Altor BioScience Corporation is a privately held, venture-backed, development-stage company engaged in the discovery and development of high-value, targeted immunotherapeutic agents for the treatment of cancer, viral infection, and inflammatory diseases, based on three revolutionary technology platforms. Altor was formed in 2002 by Hing C. Wong, Ph.D., and is based in Miramar, Fla., with 22 employees.

Technology Overview

Altor, a clinical-stage biopharmacteutical company with multiple on-going Phase II trials, has developed technology to produce biologically active, soluble T-Cell-Receptor molecules in a single-chain format (scTCR). These scTCRs can be modified into STAR™ fusion agents, which retain the ability of the TCR to specifically recognize novel targets on cancerous or virus-infected cells, including intracellular antigens that are not accessible to therapeutic antibodies. STAR molecules are ideally suited to deliver anti-cancer and anti-viral drugs, such as immunomodulatory cytokines, cytotoxic drugs, radioisotopes, and imaging agents, directly to diseased cells. Altor has developed a high-affinity scTCR that recognizes a peptide antigen derived from p53, which is over-expressed in roughly 50 percent of all human cancers. ALT-801 is a fusion of this p53-specific scTCR and the approved anti-cancer drug, Interleukin-2 (IL-2). ALT-801 is designed to deliver the IL-2 directly to the tumor site providing greater efficacy, lower toxicity, and better quality of life for patients.

Market Potential

ALT-801 would provide benefit to patients with bladder cancer, multiple myeloma, and melanoma. In 2010 in the U.S., 68,130 new cases of melanoma were diagnosed and 8,700 deaths occurred due to melanoma. In 2008, there were approximately 822,770 people alive in the U.S. who had a history of melanoma. It also estimated that 70,530 new cases of bladder cancer were diagnosed and 14,680 deaths occurred due to bladder cancer in the U.S. in 2010, and that there were approximately 537,428 people alive in the U.S. who had a history of bladder cancer in January 2008. In addition, an estimated 64,615 people in the U.S. were alive in 2008 with a history of multiple myeloma. This represents a market opportunity of over $3 billion in the U.S. alone. Bladder cancer, a major unmet medical need, is currently Altor’s main development focus.

Competitive Advantage

STAR agents significantly broaden the spectrum of tumor- and virally-specific antigens that can be targeted for therapeutic intervention. Altor has demonstrated scTCRs can be used to create targeting molecules to recognize antigens that cannot be targeted by monoclonal antibodies for diagnostic or therapeutic purposes. Although there are no TCR-based products on the market, monoclonal antibodies for cancer had sales of $24 billion in 2010. 

Financial Overview

Altor has raised $35.5 million in paid-in capital from institutional investors, including Sanderling Ventures and Florida Growth Fund, as well as from high net worth, private individuals. The company has been awarded $14 million in SBIR awards from NIH, FDA, and Gates Foundation grants. Altor is seeking $20 million in financing to support and complete the pivotal trial using ALT-801 for locally advanced and metastatic bladder cancer to gain accelerated approval.

Intellectual Property

STAR technology and ALT-801 are the subjects of 37 issued patents and 51 pending applications, including USP #7,456,263, EP 1,546,188. 

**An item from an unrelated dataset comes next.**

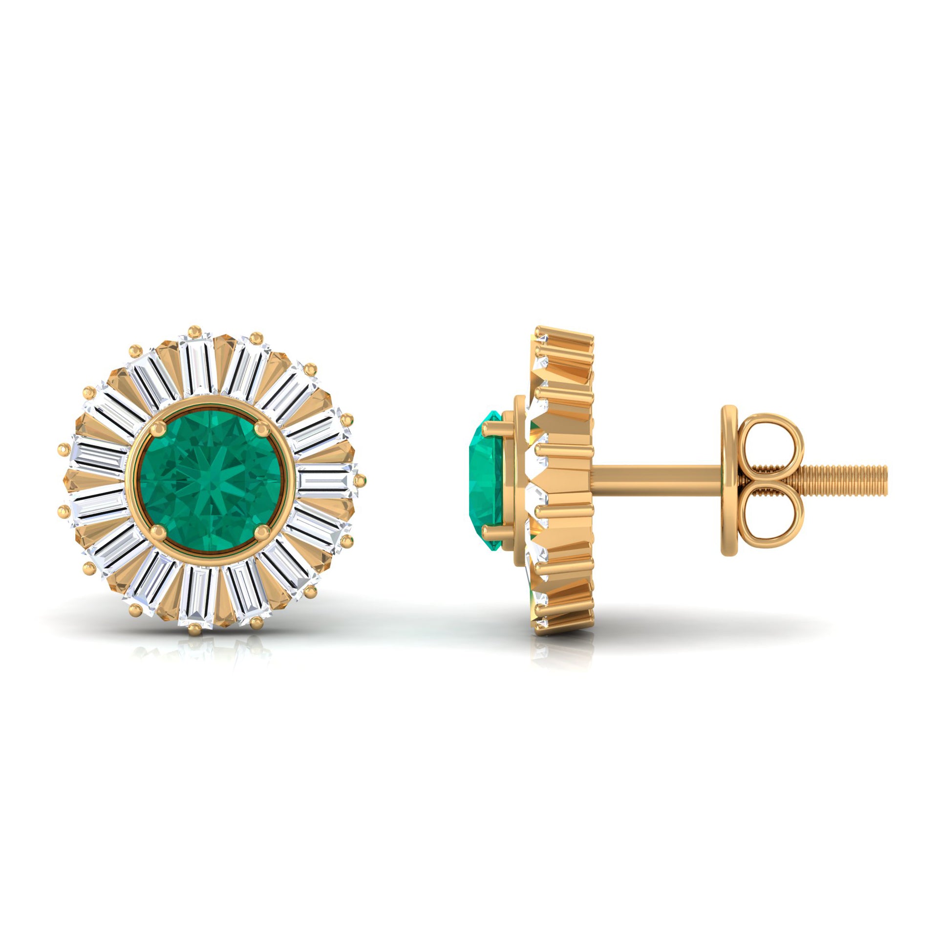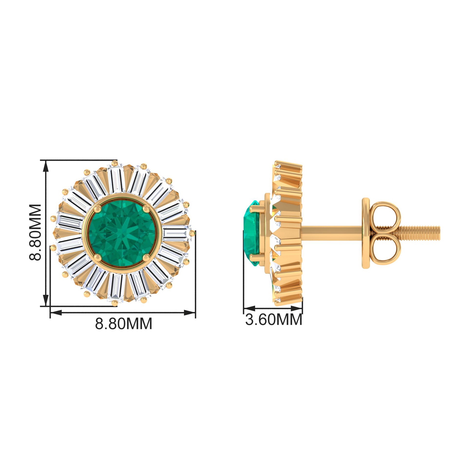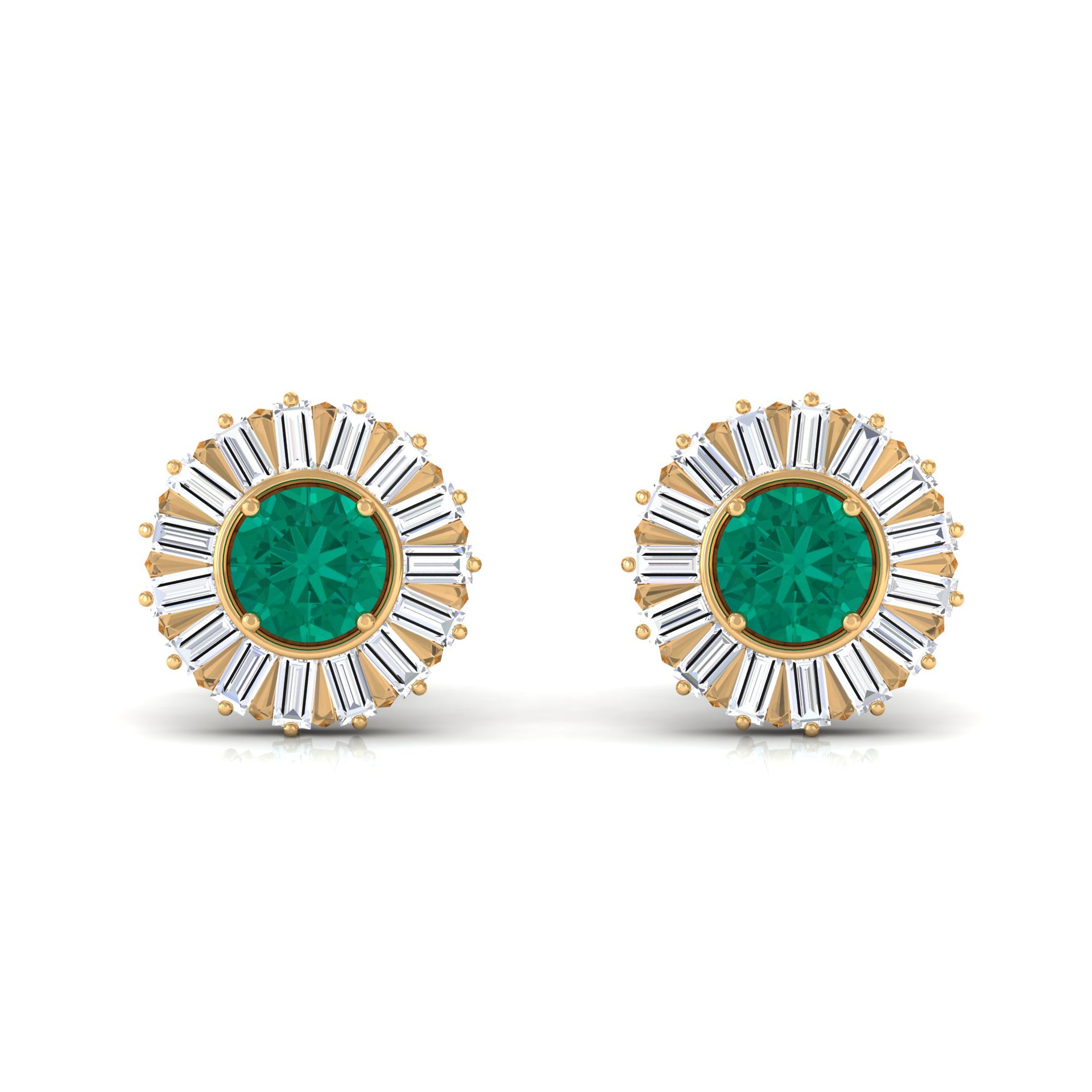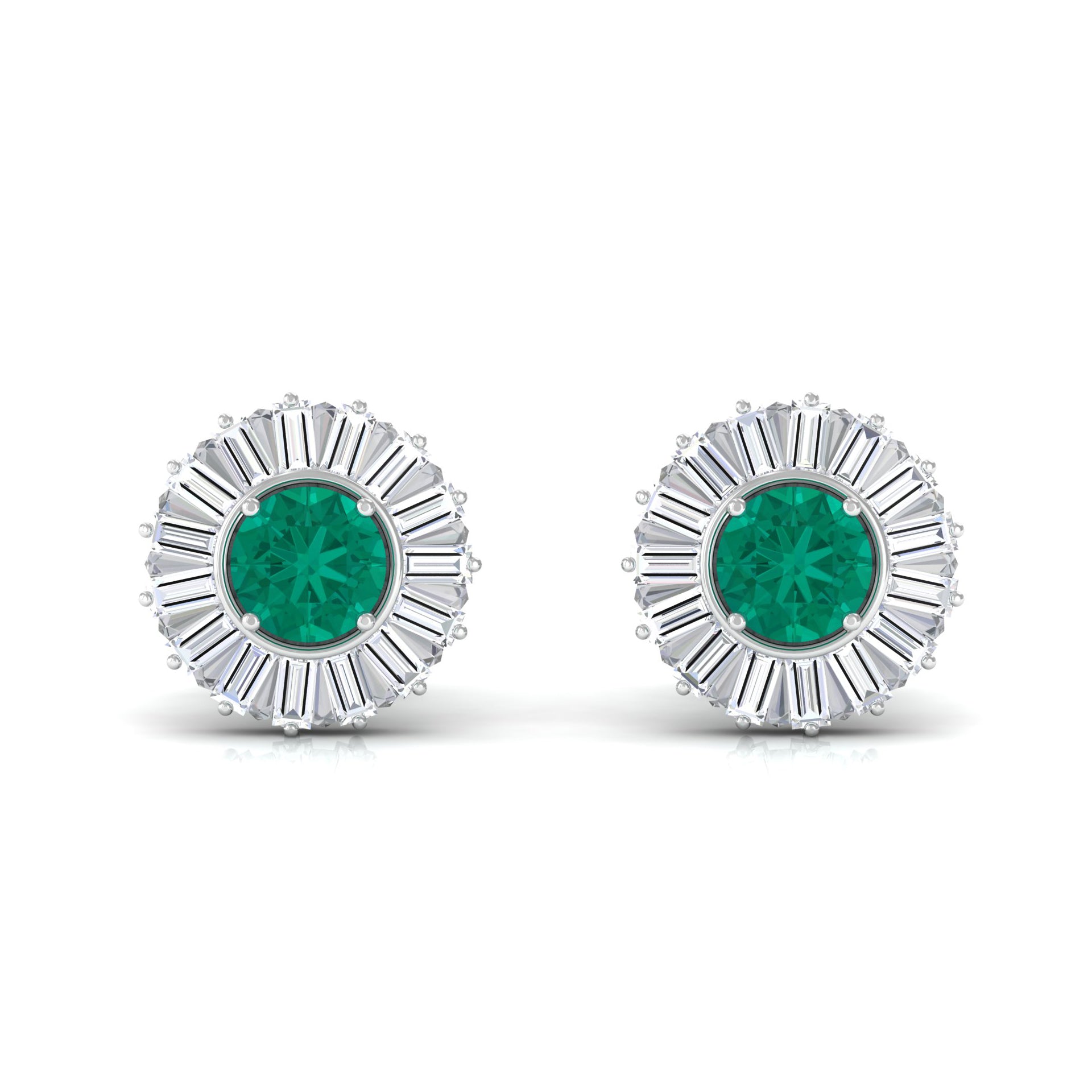 1 CT Prong Set Emerald Stud Earrings with Baguette Diamond Halo

Commercialization Strategy

Altor’s short-term objectives are to continue clinical development of its lead product candidates, ALT-801 and ALT-803, through proof-of-principle Phase II clinical trials and then license these to a major biopharma/pharma partner for further development/commercialization. On a case-by-case basis, Altor will consider conducting a registration trial for FDA product approval.

Pipeline Products 

• ALT-801 (p53-TCR/IL-2 fusion protein) 
• Phase II for treating metastatic melanoma (NCT01029873) 
• Phase II for locally-advanced/metastatic bladder cancer (NCT01326871)
• Other Phase IB/II trials for superficial bladder cancer, multiple myeloma - supported by $3 million SBIR Bridge grant
• Phase I/IIAdonor lymphocyte infusion to treat Acute Myeloid Leukemia (NCT01478074) 
• ALT-836 (anti-Tissue Factor Antibody partnered with Genentech) 
• Phase II for treating ALI/ARDS (NCT00879606) and Phase I/IIA for solid tumors (NCT01325558)
• ALT-803 (non-targeted IL-15 super agonist/IL-15R-Fc fusion complex) 
• Pre-IND for treating solid and hematological tumors

Management Team

Hing C. Wong, Ph.D., President and CEO, is a 28-year veteran providing leadership, overall direction, fundraising, IND filing, and oversight of multiple products in clinical trials/commercialized. He has raised $65 million in private capital. 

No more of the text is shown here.